The wire saw machine of the present invention uses a pair of roller units whose distance between spindles is fixed and which moves perpendicularly to each of the outgoing and incoming wire travel paths to increase and decrease the loops in the outgoing and incoming paths to impart reciprocation to the wire. Since there is no difference in the increase or decrease of the loop between the outward and return trips, the wire W
There is no variation in the tension of the loop, and even when a plurality of loops are formed, the difference in increase or decrease of the loops is not amplified. Therefore, inconvenient situations such as wire breakage are extremely unlikely to occur, and the effects are extremely large, such as stabilizing operation and eliminating scrapping of workpieces due to wire breakage.

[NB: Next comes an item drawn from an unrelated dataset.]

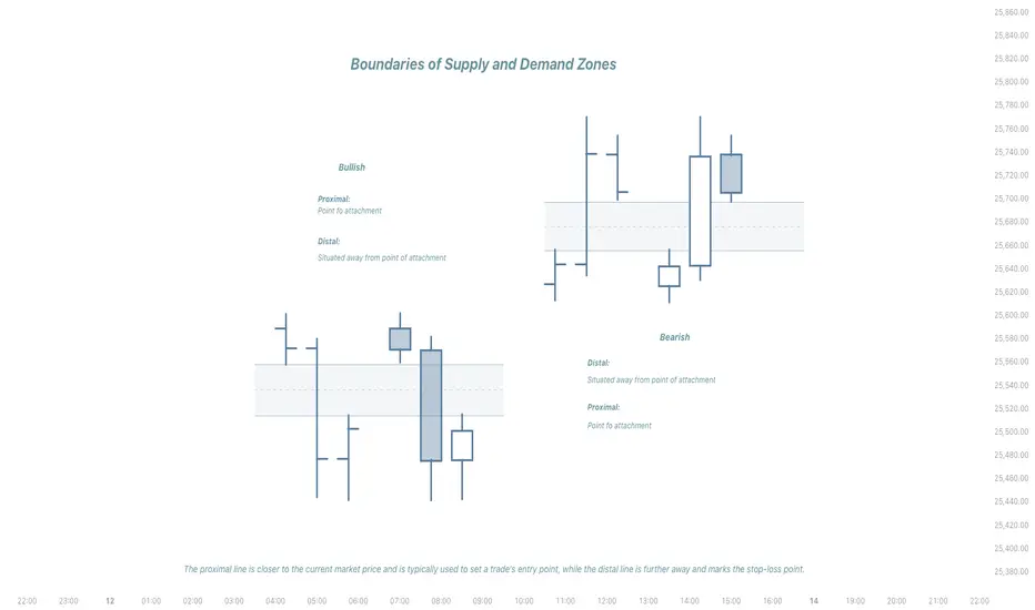 Proximal and distal refer to lines that define the boundaries of supply and demand zones.
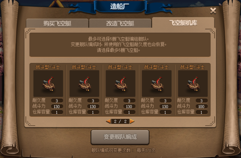 在大飞空时代的页面上方,我们可以观察到目前整支舰队的战斗力。与耐久度相同,想要提升舰队战斗力,也需购买新的飞空艇。

[Brief explanation of the drawing]

FIG. 1 is a perspective view showing the basic structure of a wire saw machine according to an embodiment of the present invention, and FIG. 2 is a perspective view showing an example of a conventional wire saw machine. In the figure, r: wire running system, ■: drive system, 10: wire sending means, 11: wire winding means, 12: dancer roller mechanism, 13: reciprocating line providing means, 14: cutting head, 2
0-22: Pulley, 23: Timing belt, 24: Clutch, 25: Wheel, 26: Wheel unit, 2
7.28: Wheel, 29: Chain, 30: Crank mechanism, M: Drive machine, 3: Shaft, 130: Roller unit, 131 F slider block. Figure 2 Procedural amendment words and deeds) May 2, 1988 Patent Application No. 32211 2, Name of invention Wire saw machine 3, Relationship with the person making the amendment Case Patent applicant address 1 Higashihama-cho, Amagasaki City, Hyogo Prefecture Address name Osaka Titanium Manufacturing Co., Ltd. Representative Toshio Ikeshima 'and 1 other person) 4, Agent 5, Date of amendment order 6, "Detailed description of the invention" column 7 of the specification subject to amendment, Contents of amendment (1) Insert 13, "Detailed Description of the Invention" between lines 2 and 3 on page 2 of the specification.

Claims (1)

[Claims] (1) Wire (
W) is transferred to the cutting head (14) via the reciprocating row applying means (13).
), and returns to the wire winding means (11) via the reciprocating line applying means (13) again,
The wire outgoing path from the wire sending means (10) to the cutting head (14) and the wire outgoing path from the cutting head (14) to the wire winding means (11) are arranged in parallel at least in the reciprocating line providing means (13). , the reciprocating line providing means (13) includes a slider block (131) that is capable of reciprocating in a direction perpendicular to the wire running path, and a slider block (131) that is provided on the slider block (131) and provides a wire (
A drive mechanism (M_2) for generating reciprocating motion of the roller unit (130a) (130b) that provides loops (La) (Lb) in opposite directions to W) and the slider block (131)
A wire saw machine comprising: and (30).